When you read the books about raising children, we are often taught that children need structure. Structure helps our children feel safe by doing familiar tasks and develop discipline in accomplishing those tasks. This leads to happier children and helps all of those who deal with them. Sure, it is OK to draw outside the lines occasionally. It’s a particularly good way to foster creativity and free thought. However, structure is important to a happy and healthy life.
Similarly, organizations who are serious about raising the maturity of their analytics also need to think about having the right balance of structure and unstructured. Organizations often have complex analytical needs and it’s very difficult to solve all of the needs with a single solution. There is a place and a time to store and process big data without structure. Databases like Mongo DB and Cassandra are perfect tools for doing just that. However, just like raising children, it is often beneficial to impose structure as a rule.
Why structure is important to Big Data
Forcing structure on your data can lead to better performance in analytics as there is less searching for data to answer the query. The structured database knows better where the data exists in the sea of data and can access it with precision.

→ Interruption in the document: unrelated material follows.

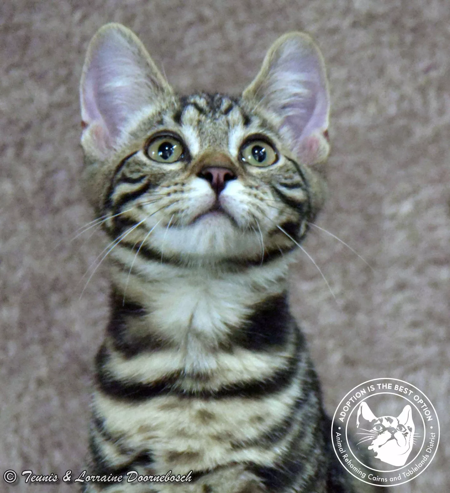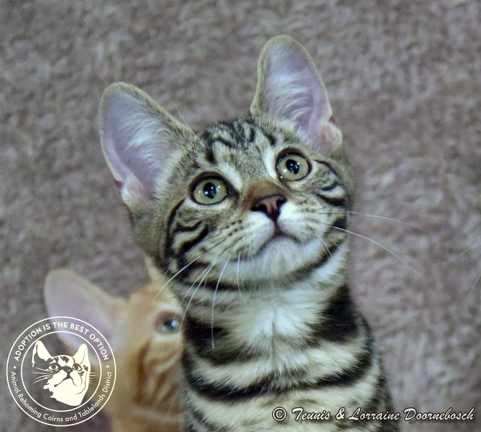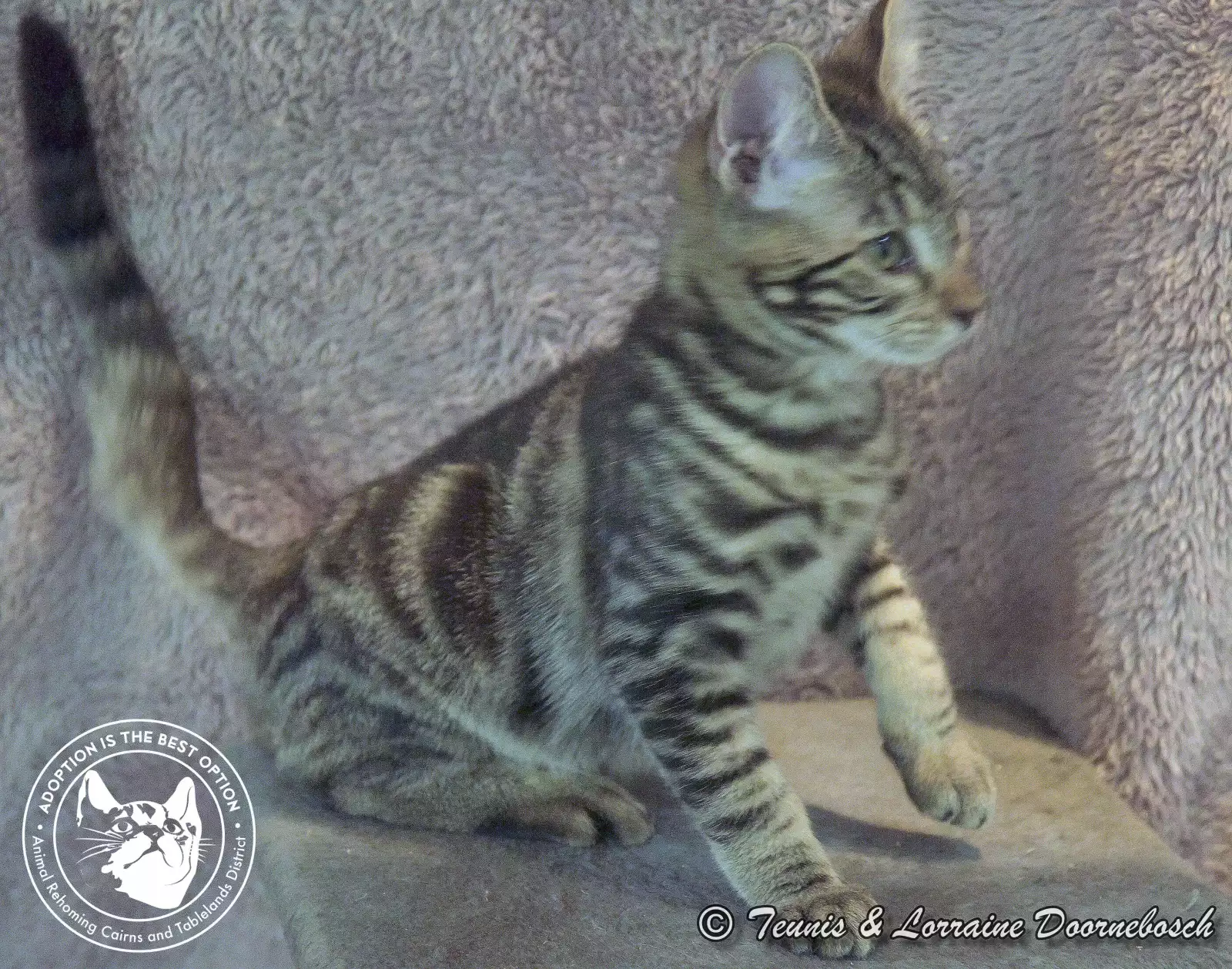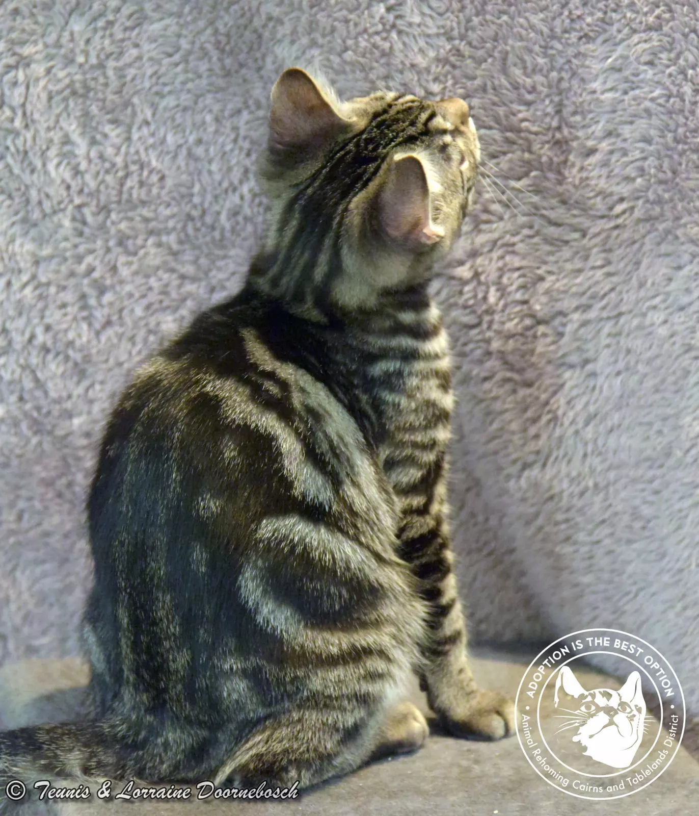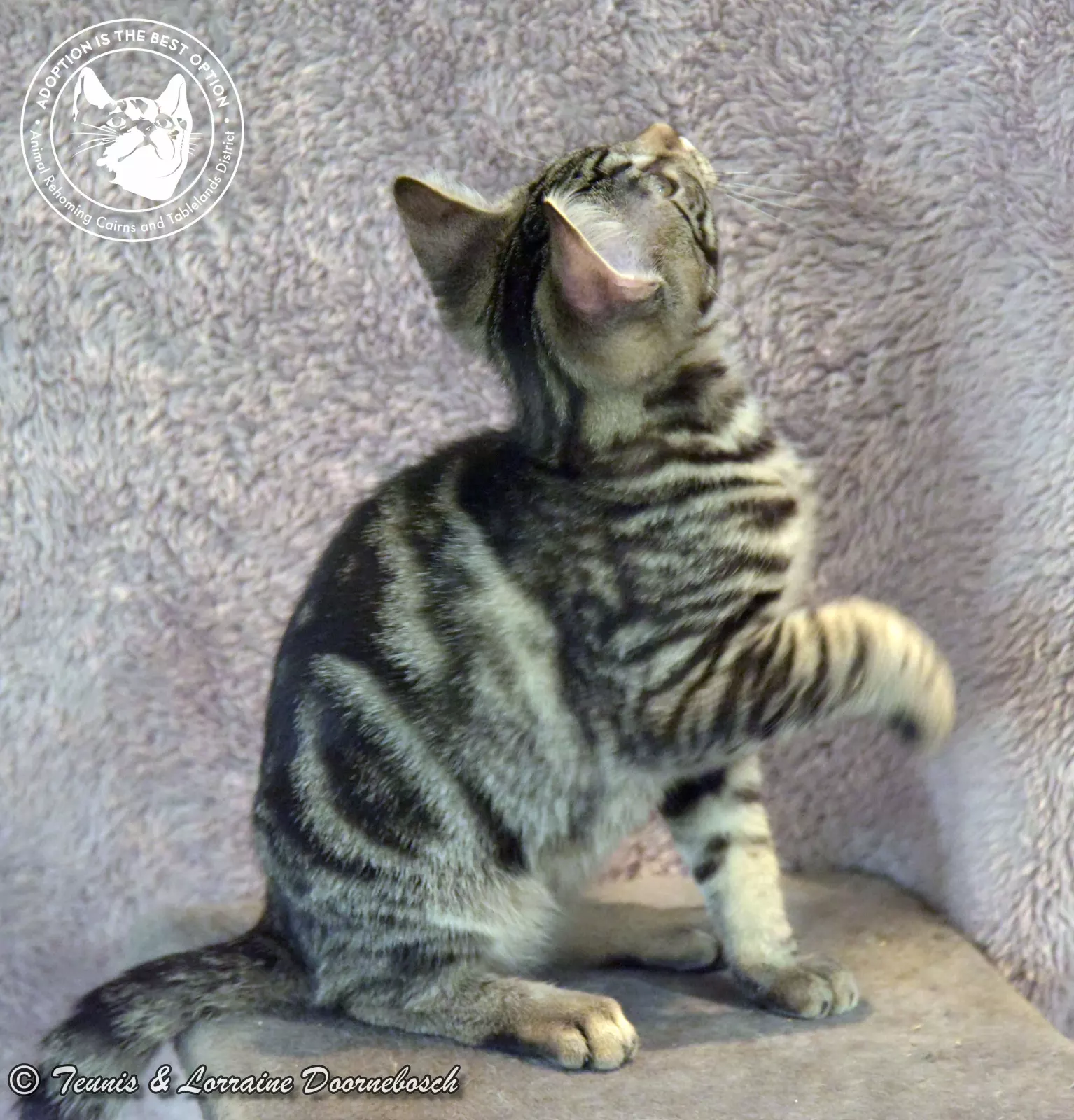 Jasper is one of the 11 kittens named for precious stones. He came to us from Mt Garnet with 13 other kittens. All of the kittens were quite shy and feisty but, with good food and loving care, they're starting to prove that their shyness was environmental and not in their nature. Jasper's markings are stunning. He's a gorgeous classic tabby and of all the kittens, he has been the first one to start purring and enjoying petting. He's quite a confident kitty and will quickly come out of his shell once he has his own home and humans to care for him.

Unstructured data may be scattered across nodes and be more difficult and time-consuming to find. Sure, you may have to spend some time preprocessing it. However, applying schemas lets you take a junk drawer full of “stuff” and organize it into nice neat Tupperware containers of similar data.
Data quality and standardization are also a factor. It’s more difficult to apply standardization to unstructured data as it is often analyzed in whatever form it was created. For example, when a device sends updates to be analyzed by the latest Internet of Things project, time stamps may come with hours, minutes and seconds, or they may come with just a date. The date data may be in US or European format. By applying structure, you can force data quality onto your data and do a better job in accuracy in reporting.
Structure provides benefit for compression efficiency, too.